INSTRUCTIONS FOR THE TASK
Go to the line with "BestPet | Dog" in the records below, then output it and each following line exactly, up to and including the line with "여름 어린이 텐셀 베개". Skip pictures and add nothing.
Segment Start: RECORD SET
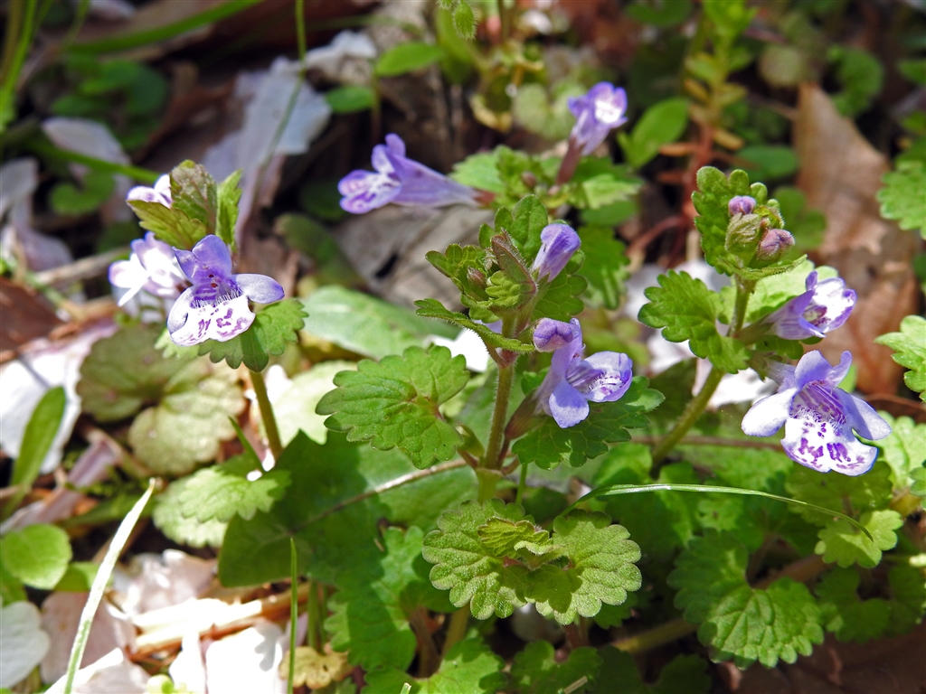 カキドオシ(垣通し)茎は初め直立、開花して倒れ蔓になり垣根を越して拡大、雑草扱い
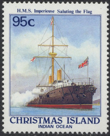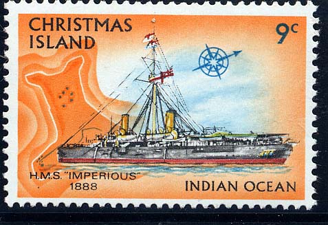 H.M.S. Imperious (according to the stamp), but there has never been a ship of this name in the Royal Navy, it should be Imperieuse, the first of the name being a captured French ship, taken off Spezia on October 10, 1793. The Imperieuse on the stamp was a visitor to the island in June 1888. On this occasion, Capt. H. W. May, R.N. landed at Flying Fish Cove and formally declared Christmas Island to be part of the British Empire. Capt. May's ship was an armoured cruiser, laid down at Portsmouth Dockyard on December 18 1883 and completed in 1886. Steel hulled and copper sheathed, she had a displacement of 8,400 tons. Length was 316 ft., beam 62 ft., and draft 27 ft. 4 in. She was engined by Maudslay. Originally the Imperieuse was armed with four 24-ton; ten 6-inch; four 6-pdr. quick firing; 10 machine guns and two light guns. Later this was changed to four 9.2 in., ten 6-in., and eight 6-pdr. guns. She was renamed Sapphire II in February 1905, when she became a depot ship, but was renamed Imperieuse in June 1905. She was sold to Thos. W. Ward Ltd., of Sheffield on September 24, 1913, for breaking up at Morecambe.
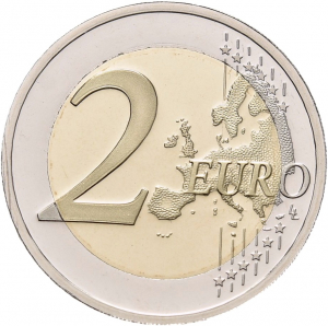 Vorderseite: 2 EURO. Karte der europäischen Union, zwölf Sterne auf dem Rand, Wertangabe. Am rechten Rand die Signatur LL (Luc Luycx).
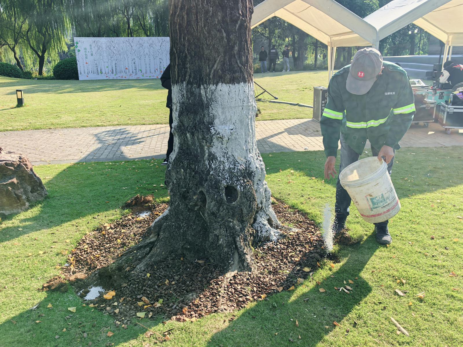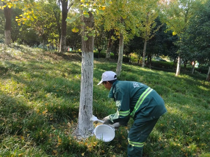 走在街头,随处可见园林工人们忙碌的身影。他们手持刷子,细致地为行道树涂上特制的白色保护剂。这层看似简单的“冬衣”,实则是树木的“防护服”,不仅能反射阳光,防止树干因昼夜温差过大而开裂,还能有效杀灭潜伏在树皮裂缝中的病菌和虫卵。
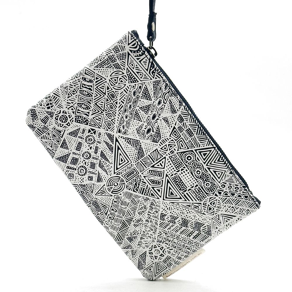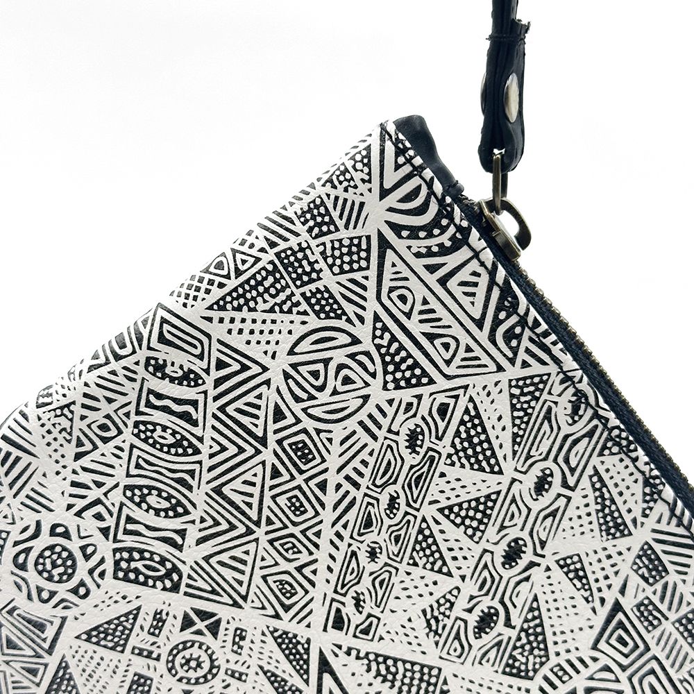 Simplicia paints a story about an old lady who travelled around with her six kids looking for food and water. When the old lady couldn’t find anything, she started making a hole and then the water came out. Lots of different animals came to the waterhole. The old lady made four islands like Darwin, Bathurst and here (Melville Island). She made the waters and all the sea animals like crabs, barramundis, mud mussels, longbums, stingrays, turtles, dugongs, fishes that were good for food. Then she made the islands. The old lady travelled with her kids on her back, making the islands. Old and young people came and they were making a fire and dancing around it. They were happy for all the water everywhere.
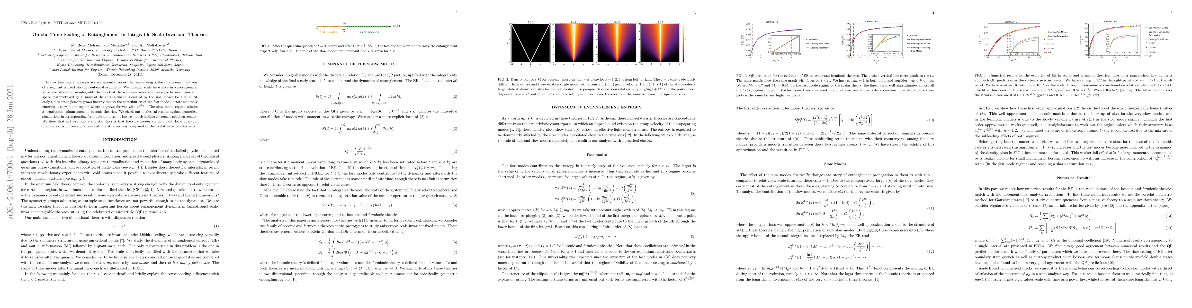 This paper explores the time scaling of entanglement entropy in two-dimensional integrable scale-invariant theories, demonstrating that entanglement grows linearly at early times due to fast modes before transitioning to a slower $t^{\frac{1}{1-z}}$ growth dominated by slow modes for $z>1$. Analytical results are validated by numerical simulations in fermionic and bosonic lattice models.
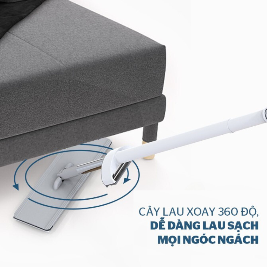 Thiết kế đầu cây lau thông minh có thể xoay góc 360 độ, nhờ vậy bạn có thể đưa đầu lau xoay dễ dàng theo góc tường, lau sâu vào trong gầm bàn, ghế, giường, tủ…mà không cần phải tốn sức.
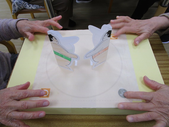 今年最初のレクリエーションは、毎年恒例の福笑いと紙相撲、ビー玉落としを行いました。
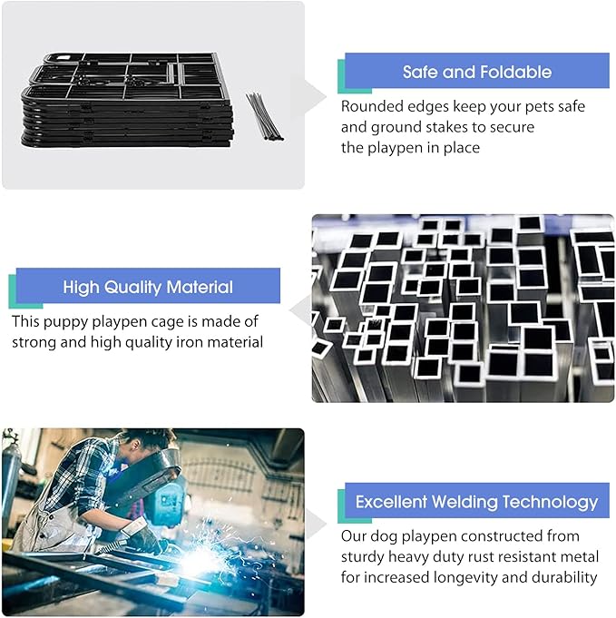 BestPet | Dog Playpen | 32 Inch, 32 Panels | Heavy Duty Metal Pet Exercise Pen | Indoor Outdoor Fence Panels | Rust-Resistant, Removable, Tool-Free Setup | Anti-Skid, Expandable Design
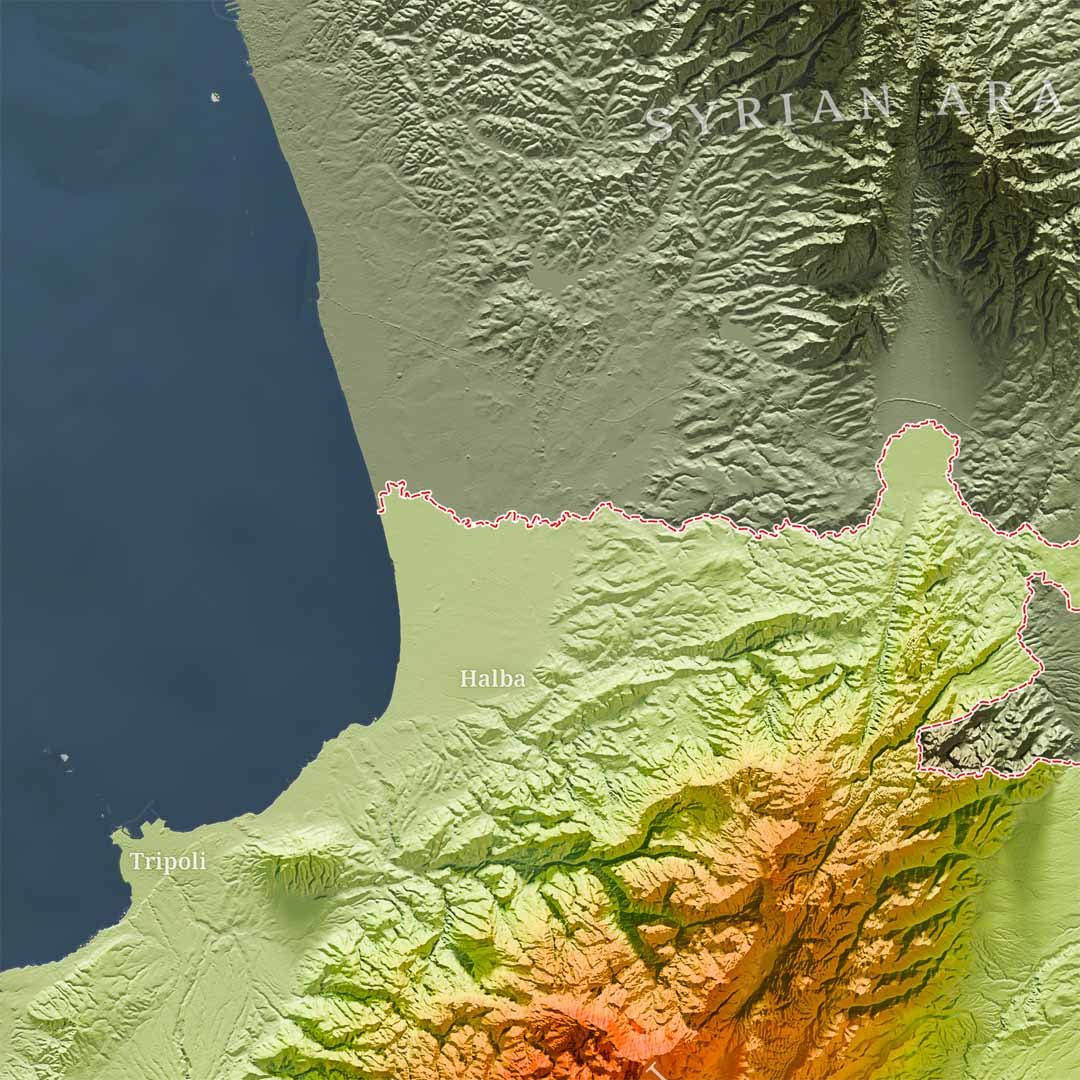 Shaded relief map of Republic of Lebanon, a sovereign Christian majority country in the Middle East.
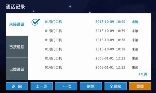通過重撥來回撥選中的設備,也可通話刪除與全刪除來刪除記錄,如圖3.4.5:
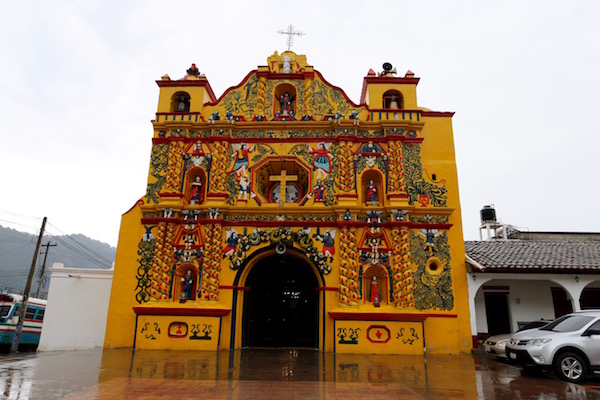 ¡La lluvia no cesaba!, bajamos del coche para ir a visitar la Iglesia de San Andrés Xecul este templo es del siglo XVII, tiene una mezcla en su construcción de la cultura maya y cristiana. Es muy llamativa por tener una fachada de color amarillo con diferentes figuras como: ángeles, Santos, flores, parras, jaguar, etc. En el interior hay imágenes de Cristo, candelabros, rosarios, etc. Accedimos a su interior, no pudimos tomar fotografía ni grabaciones porque está totalmente prohibido, hay un señor que vigila el lugar. El acceso es gratuito.
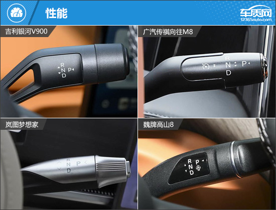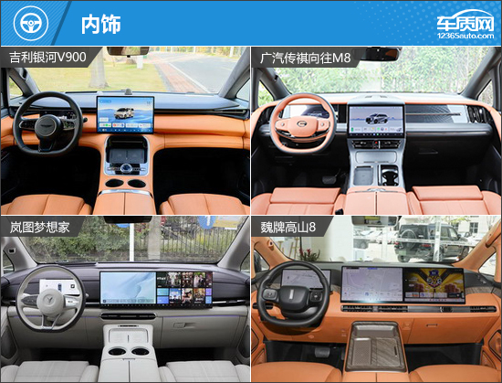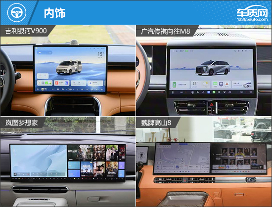 内饰方面,四款车型均主打豪华舒适,并非常注重科技感的营造。银河V900采用环抱式座舱布局,“步步高升”仪表台设计的灵感源自中国古典建筑的层叠阶梯礼序。传祺向往M8中控台处采用“一横两纵”设计,整合储物格、无线充电面板及双杯架,兼顾实用与美观。岚图梦想家和魏牌高山8设计风格相似,均配备副驾娱乐屏。换挡形式方面,四款车型均采用电子式怀挡换挡,不仅更具精致感,也有助于前排空间的优化。
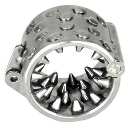 Cet anneau de chastet�é en m�étal est con�çu avec des pics de 9mm qui viennent donner des sensations extr�êmes lors de la soumission. En effet, cet anneau emp�êche l’�érection sous peine de douleurs.Diam�ètre de l’anneau de 40mm. Largeur de 2cm.Avec le cadenas
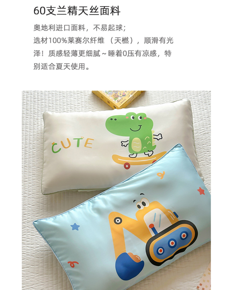 여름 어린이 텐셀 베개 커버 아기 작은 베개 커버 30x50 유치원 얼음 실크 시원한 실크 베개 커버 40x60스토어 가기
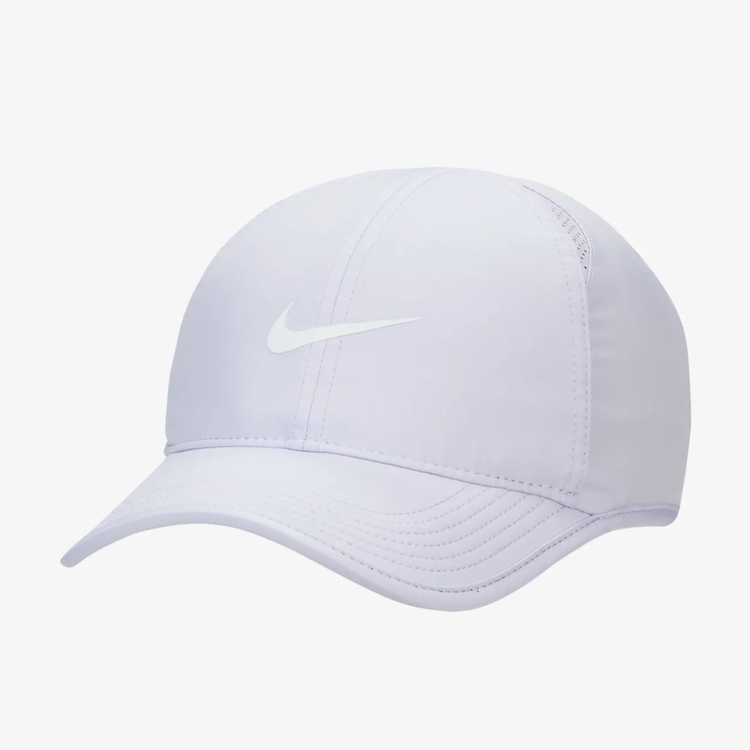 The black underbill on the Nike Sportswear AeroBill Featherlight Cap helps reduce glare so you can see more and squint less. Sweat-wicking fabric and mesh inserts help keep you feeling cool and comfortable throughout the day. Back closure adjusts for a customised fit. The ventilated design offer comfort and shade from the sun starting at the first mile to the last.
Segment End: RECORD SET
REPLY
 BestPet | Dog Playpen | 32 Inch, 32 Panels | Heavy Duty Metal Pet Exercise Pen | Indoor Outdoor Fence Panels | Rust-Resistant, Removable, Tool-Free Setup | Anti-Skid, Expandable Design
 Shaded relief map of Republic of Lebanon, a sovereign Christian majority country in the Middle East.
通過重撥來回撥選中的設備,也可通話刪除與全刪除來刪除記錄,如圖3.4.5:
 ¡La lluvia no cesaba!, bajamos del coche para ir a visitar la Iglesia de San Andrés Xecul este templo es del siglo XVII, tiene una mezcla en su construcción de la cultura maya y cristiana. Es muy llamativa por tener una fachada de color amarillo con diferentes figuras como: ángeles, Santos, flores, parras, jaguar, etc. En el interior hay imágenes de Cristo, candelabros, rosarios, etc. Accedimos a su interior, no pudimos tomar fotografía ni grabaciones porque está totalmente prohibido, hay un señor que vigila el lugar. El acceso es gratuito.
 内饰方面,四款车型均主打豪华舒适,并非常注重科技感的营造。银河V900采用环抱式座舱布局,“步步高升”仪表台设计的灵感源自中国古典建筑的层叠阶梯礼序。传祺向往M8中控台处采用“一横两纵”设计,整合储物格、无线充电面板及双杯架,兼顾实用与美观。岚图梦想家和魏牌高山8设计风格相似,均配备副驾娱乐屏。换挡形式方面,四款车型均采用电子式怀挡换挡,不仅更具精致感,也有助于前排空间的优化。
 Cet anneau de chastet�é en m�étal est con�çu avec des pics de 9mm qui viennent donner des sensations extr�êmes lors de la soumission. En effet, cet anneau emp�êche l’�érection sous peine de douleurs.Diam�ètre de l’anneau de 40mm. Largeur de 2cm.Avec le cadenas
 여름 어린이 텐셀 베개 커버 아기 작은 베개 커버 30x50 유치원 얼음 실크 시원한 실크 베개 커버 40x60스토어 가기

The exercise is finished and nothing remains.